Problem description
Instruction for the listing below: copy exactly, and only, the lines from the one holding "He's mad about" through its last line, omitting any picture.

Recorded data
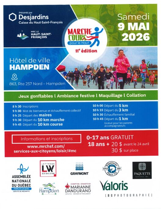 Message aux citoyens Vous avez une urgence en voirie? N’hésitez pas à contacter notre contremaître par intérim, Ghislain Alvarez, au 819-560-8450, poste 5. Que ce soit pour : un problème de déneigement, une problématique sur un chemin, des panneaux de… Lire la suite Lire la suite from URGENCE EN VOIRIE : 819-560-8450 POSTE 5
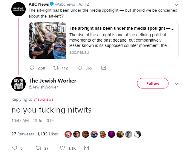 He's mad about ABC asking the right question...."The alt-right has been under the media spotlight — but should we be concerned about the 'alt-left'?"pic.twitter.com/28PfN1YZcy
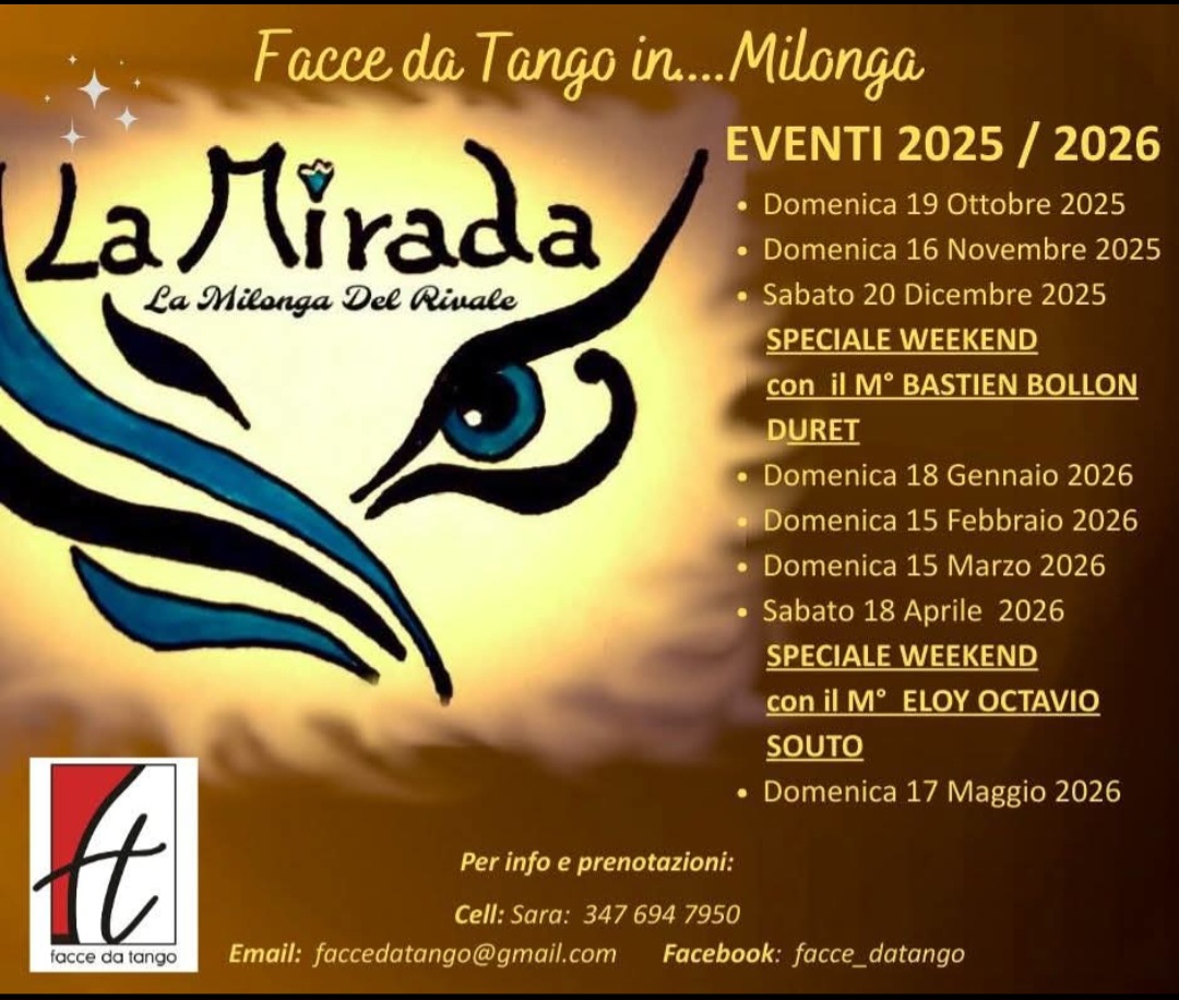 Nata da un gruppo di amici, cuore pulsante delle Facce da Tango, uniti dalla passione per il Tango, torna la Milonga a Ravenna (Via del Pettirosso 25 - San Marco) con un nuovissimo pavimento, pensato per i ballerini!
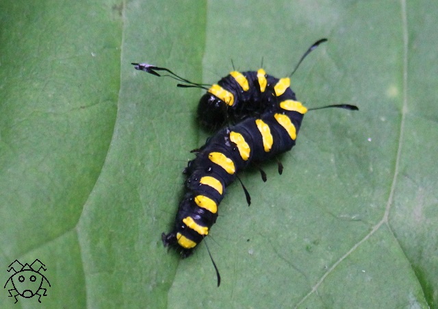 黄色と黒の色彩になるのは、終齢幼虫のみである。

Solution to this problem
 He's mad about ABC asking the right question...."The alt-right has been under the media spotlight — but should we be concerned about the 'alt-left'?"pic.twitter.com/28PfN1YZcy
 Nata da un gruppo di amici, cuore pulsante delle Facce da Tango, uniti dalla passione per il Tango, torna la Milonga a Ravenna (Via del Pettirosso 25 - San Marco) con un nuovissimo pavimento, pensato per i ballerini!
 黄色と黒の色彩になるのは、終齢幼虫のみである。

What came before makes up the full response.